Paying for goods and services has become more fluid due to the use of debit and credit cards, but this ease of access has made it easier for hackers and thieves to get a hold of financial resources. When this form of payment can be used to make purchases on the internet, mobile devices and stores, consumers are not always thinking about the potential risk.
The third version of the Payment Card Industry Data Security Standard (PCI DSS) provided new safety requirements for merchants, service providers, payment processes and financial institutions–organizations have until December 31, 2014 to fully implement these measures.
"[T]he new PCI DSS 3.0 appears to be moving from a security check box posture to a more holistic risk management approach," Bernard Zelmans, general manager at FireMon, a security management firm, told PC World. "This will hopefully entail a more security centric approach to PCI compliance rather than the least common denominator approach of earlier versions of PCI."
Stealing an individual's credit card number is easy, especially when a point-of-sale system is involved. Though the information is not permanently stored, the source reported that attackers have compromised a business' security measures "because their administrators used easy-to-guess passwords for remote access." This strategy to perform a data breach was one of many ways the Shadowcrew hacked NASDAQ, JC Penney and other prominent businesses for seven years.

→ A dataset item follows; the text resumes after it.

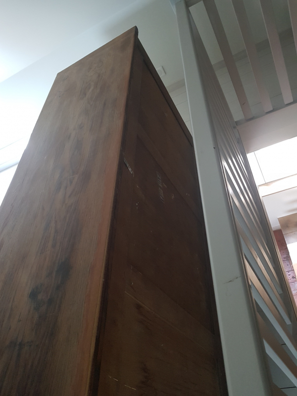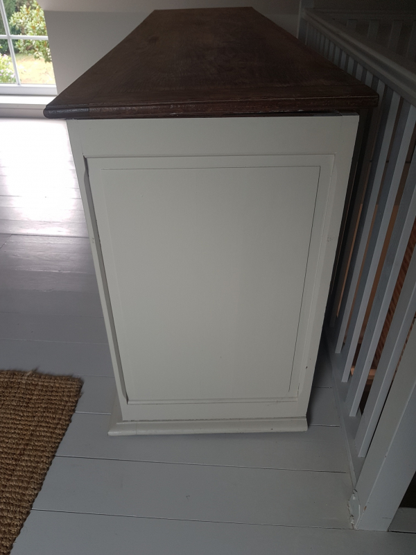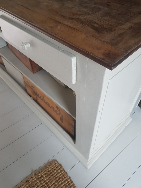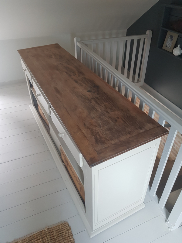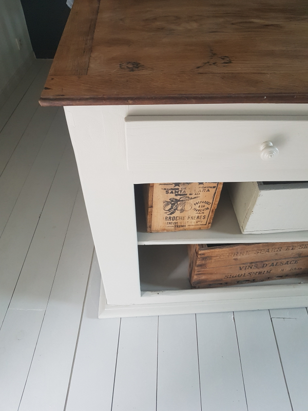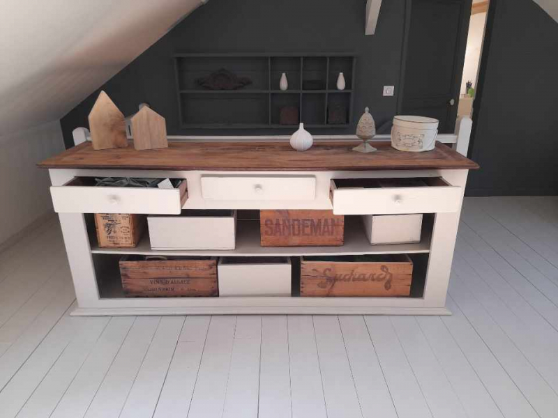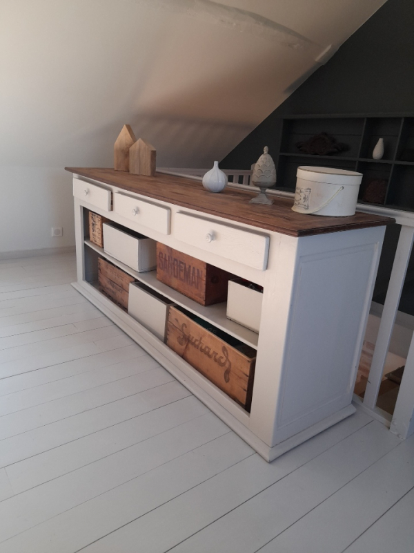 Grand buffet bas style meuble de métier style comptoir de mercerie, meuble de drapier. Meuble ouvert avec une grande étagère. 3 tiroirs en façade dont un décoratif. Plateau chêne brut. Meuble couleur lin. Belles dimensions. Possibilité d'acquérir les caisses visibles sur les photos : 3 caisses à vin récentes peintes couleur lin. 4 anciennes en bois brut (vin d'Alsace, Sanderman, Suchard...) Prix 50€le lot. l203 x h83 x p53

While measures have increased for companies that regularly use credit cards as a form of payment, mobile security with cards is not a part of PCI DSS 3.0 standards—though guidelines for mobile data security was released. Businesses that depend on payment on these devices can develop their own business continuity plan to safeguard their client base from data breaches.
Though the PCI DSS is available, PCWorld explained that organizations can do a lot more to increase security, as these standards are meant to provide the bare minimum of controls. Some of the requirements like closely monitoring antivirus products, intrusion detection systems and firewalls, sounds like things that should already be happening, but time and again gaps in these areas have led to data breaches.
"Periodic reviews and communications should be performed to confirm that PCI DSS requirements continue to be in place and personnel are following secure processes," the standard stated.
Despite the December 2014 deadline, the new version of PCI DSS will go into effect on January 1, 2014. The PCI Security Council understands that implementing the new changes will take time. Business owners who want guidance on increasing their disaster recovery efforts to offset damage from data breaches may want to consider guidance from business continuity consultants.